The more I learn about stomatopods (also known as “mantis shrimps”), the more fascinated I become with these true marvels of evolution. From the image data we have processed so far from the CONCORDE fall and spring field campaigns, it is pretty clear that stomatopod larvae were quite abundant in the nearshore waters of the northern Gulf of Mexico. As you can see from the images below, they are really cool looking animals – even Hollywood took notice, as stomatopods served as the inspiration behind the alien queen in the movie “Alien.”
The first thing you notice when you see the images of the larvae are those giant stalked eyes protruding from their heads. The eyes, which appear to be well developed in the larvae, are one of the most remarkable adaptations of the adult stomatopod. Unlike mammals and cephalopods, which have a camera like eye (single lens projecting an image onto a retina), stomatopods have a highly specialized compound eye, and each eye often moves independently from the other. They also have 12 visual pigments, giving them a huge range of detectable wavelengths, from infra-red to ultraviolet – much more than other invertebrates (Land & Nilsson 2012). In comaprison, humans only have three visual pigments (red, green, and blue), and the stomatopods can even detect different types of polarized light. Have you ever heard of circular polarized light? Well, they can see that too! The males have certain parts of the body can reflect circular polarized light in both right and left hand directions. The band across each eye has 4 rows of ommatidia that can see in color, and two rows (one on each end) detect polarized light (Chiou et al. 2008).
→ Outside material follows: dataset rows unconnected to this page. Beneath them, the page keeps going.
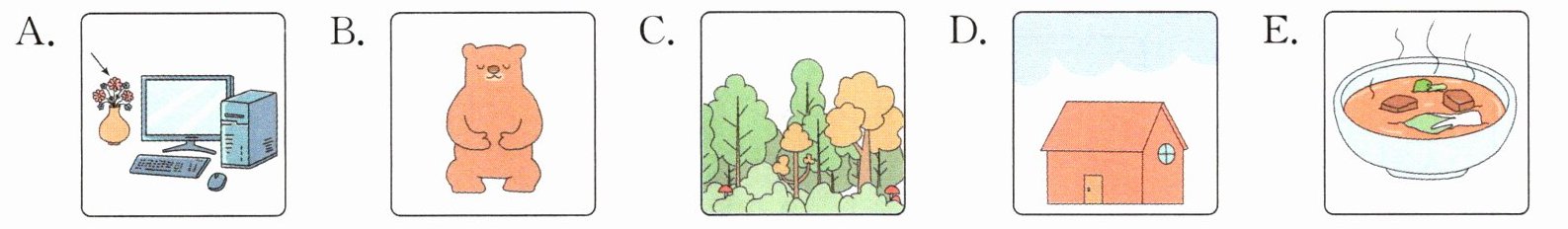 1. C,forest 2. E,soup 3. A,beside 4. D,house 5. B,bear
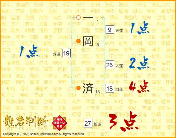 あなたの人生を表す1番重要な運勢です。生涯を通じて影響する総合運となり、主に50歳以降の晩年期に影響を及ぼします。苗字と名前の合計画数。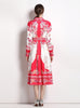 Lapel Slim Print Shirt Collar Long Sleeve Dress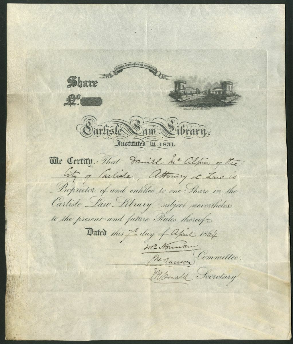 Great Britain: Carlisle Law Library, certificate for 1 share, 18[64], number somewhat feint, black printing on vellum, on the 1830's stock, vignette of Carlisle City walls. Instituted in 1831 at the Public Rooms in Devonshire Street. It contained some 600 volumes. In the same building as the general Library of some 10,000 volumes. The Law Library was still in existence in the 1950's but no mention in recent years. Probably absorbed into the County library. VF and rare [R10]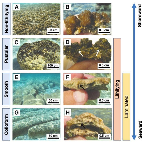 Modern mat types in Hamelin Pool, Shark Bay, Australia. Adapted from Babilonia, Conesa, Casaburi, Pereira, Louyakis, Reid, and Foster [47], under the license CC-BY 4.0. (A) Sheet of EPS-rich non-lithifying pustular mats in the intertidal zone. (B) Cross-section of EPS-rich non-lithifying pustular mat. (C) Pustular stromatolite-forming mat. (D) Cross-section of lithified pustular mat. (E) Lithified smooth mats (F) Cross-section of smooth mat showing laminations. (G) Lithified colloform mats have a bumpier surface texture and less fine laminations than smooth mats. (H) Cross-section of a colloform mat domal structure. Arrows in panels (D,F,H) indicate the cyanobacterial layers.

Another impressive thing about stomatopods is their method of capturing prey. Different species of stomatopods use one of two different attack methods: smashing and spearing. You can tell what method it uses based on the morphology of the stomatopod appendages. The smashers have clubbed appendages that they flick outwards to smash their prey, and the spearers have pointy appendages that they can use to puncture their prey. The force created by these attacks is extremely powerful for their size. In fact, the movement of the appendages is so quick that it generates a large cavitation bubble. The phenomenon of cavitation happens when something in the water moves so fast that an empty space is created that the water cannot fill quickly enough. When a boat propeller rotates at a fast rate, it generates tiny cavitation bubbles. It is quite rare for an animal as small as the stomatopod to generate enough force to cause cavitation.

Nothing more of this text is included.